Text of statute as originally enacted

= Mortuaries Act 1529 =

Act of the Parliament of England

The Mortuaries Act 1529 (21 Hen. 8. c. 6), sometimes called the Statute of Mortuaries was an act of the Parliament of England. It was one of the "anti-clerical" acts meant to reduce the power of the clergy, passed along with the Probate Act to limit the fees that the clerical courts could collect.

Such fees had been the source of dispute, for example, in Hunne's Case. In connection with that case it was suggested the clergy had murdered a father who was accused of heresy after he lost a court case over unpaid mortuary fees for his deceased child.

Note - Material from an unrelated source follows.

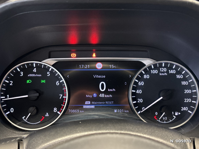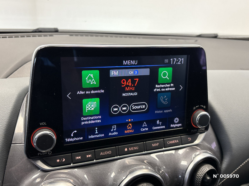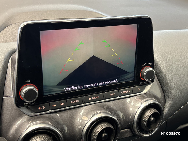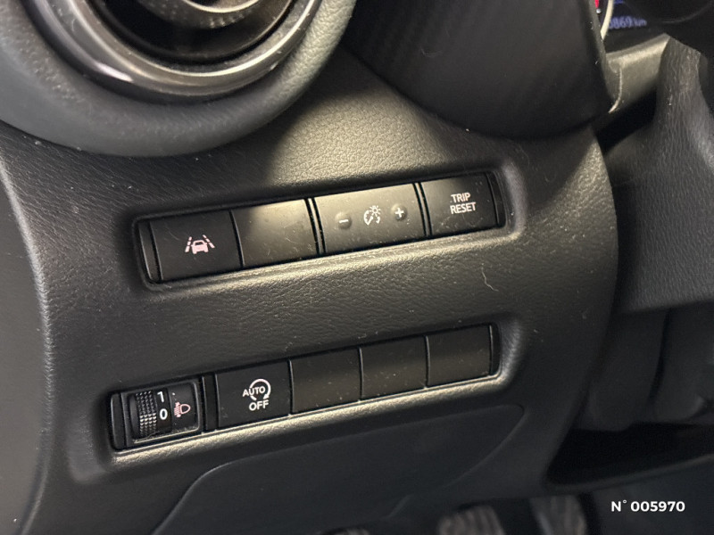 Antenne aileron de requin Noir / Bacs de rangement dans les contre-portes AV avec porte-bouteilles / Bluetooth+USB+AUX+12V / Ceintures de sécurité AV ajustables en hauteur / Ciel de toit Noir / Clignotants à trois clignotements / ABS et EBD / Combiné d'instrumentation avec écran LCD-TFT 7'' / Alarme périmétrique / Vitres AV/AR électriques avec mode impulsionnel côté conducteur / 6 HP / Commandes au volant: contrôle de l'ordinateur de bord, audio, téléphone, régulateur et limiteur de vitesse / Contre-portes et tableau de bord en TEP gris / Direction assistée asservie à la vitesse / Eclairage du coffre / Spoiler AR / Système audio radio avec écran tactile 8" avec interface personnalisable, Apple CarPlay et Android Auto, commandes vocales / Système "Chassis Control" : Intelligent Trace Control (contrôle actif de trajectoire) et Intelligent Ride Control (Contrôle actif de l'assiette) / Feux de détresse à déclenchement automatique / Feux de route adaptatifs / Feux diurnes LED avec système Follow Me Home / Fonction des feux avant "Follow me Home" / Frein à main électrique avec aide au stationnement/démarrage et fonction Autohold / Freinage d'urgence intelligent (AEB) avec détection piéton et cyclistes / Indicateur de changement de rapport / Kit de réparation pneumatique / Liseuses AV et AR / NBAS (amplificateur de freinage d'urgence) / Nissan Connect Services / Pare-soleil côtés conducteur et passager avec miroir de courtoisie / Plancher de coffre modulable / Poignées de maintien pour passager AV et AR / Poignées de porte extérieures couleur carrosserie / Poignées intérieures d'ouverture de porte chromées / Points d'accès Wi-Fi / Points d'ancrage pour sièges enfants ISOFIX à l'AR / Pommeau de levier de vitesse gainé de cuir / Porte-cartes intégré au pare-soleil côté conducteur / Porte-gobelets (x2) / Reconnaissance vocale / Repose-genoux en TEP / Rétroviseur intérieur électrochromatique / Sélection du mode de conduite (ECO, STANDARD et SPORT) / Sellerie Tissu Noir avec surpiqûres grises / Sièges AV monoform style

The act put limits on the amount of mortuary fees based on the amount of assets of the deceased, abolished fees for married women and children, and called for payment of fees for deceased travellers in the place of their usual habitation.

== Section 1 ==
In this section, the words of commencement and the words "of det by writ byll plaint" were repealed by section 1 of, and schedule 1 to, the Statute Law Revision Act 1948 (11 & 12 Geo. 6. c. 62).

The whole act was repealed by section 87 of, and the fifth schedule to, the Ecclesiastical Jurisdiction Measure 1963 (No. 1), which came into force on 1 March 1965.